Cardona, EJ., Crew III, Carpinello and Rose, JJ., concur. Ordered that the judgment is affirmed, and matter remitted to the Supreme Court for further proceedings pursuant to CEL 460.50 (5).
. Although it is undisputed that defendants provided those records for a period of time, Arnold later destroyed a portion of them.
. The evidence demonstrated that defendants repeatedly certified the information alleged in count one at least until April 1999. With respect to counts two through four, they certified that information until at least November 1997 (see People v First Meridian Planning Corp., 86 NY2d 608, 615-616 [1995]).

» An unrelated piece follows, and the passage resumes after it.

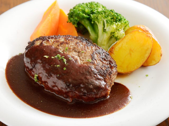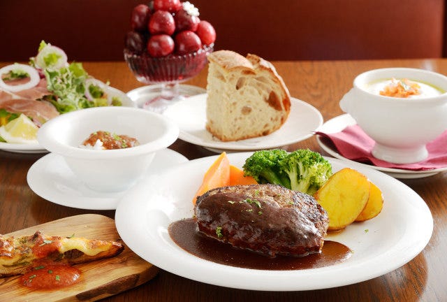 メインは鶏もも肉のソテーや和牛ビーフシチュー(+500円)など6種からチョイスできる。写真上は「牛肉ハンバーグ」。牛肉100%ならではの肉感が醍醐味で、ナイフを入れた瞬間に、お肉のぎっしり感が伝わってくるほど。噛むほどに肉の甘みとうまみを感じるハンバーグだ。

. Under Penal Lav/ § 155.05, "[a] person steals property and commits larceny when, with intent to deprive another of property or to appropriate the same to himself or to a third person, he [or she] wrongfully takes, obtains or withholds such property from an owner thereof' (Penal Law § 155.05 [1]). A defendant commits larceny by false pretenses when he or she "obtain[s] possession of money of another by means of an intentional false material statement about a past or presently existing fact upon which the victim relied in parting with the money" (People v Starks, 238 AD2d 621, 622 [1997], lv denied 91 NY2d 836 [1997]; see Penal Law § 155.05 [2] [a]; People v Churchill, 47 NY2d 151, 157-158 [1979]). In order to prove the crime of grand larceny in the first degree, the People had to establish, beyond a reasonable doubt, that defendants stole property having a value that exceeded $1 million (see Penal Law § 155.42). To prove the crime of grand larceny in the second degree, the People had to show that defendants stole property having a value that exceeded $50,000 (see Penal Law § 155.40 [1]).
. Although defendants received no actual reimbursement for therapy costs until 1996, the format of the reports made it clear that the costs were allowable and reimbursable.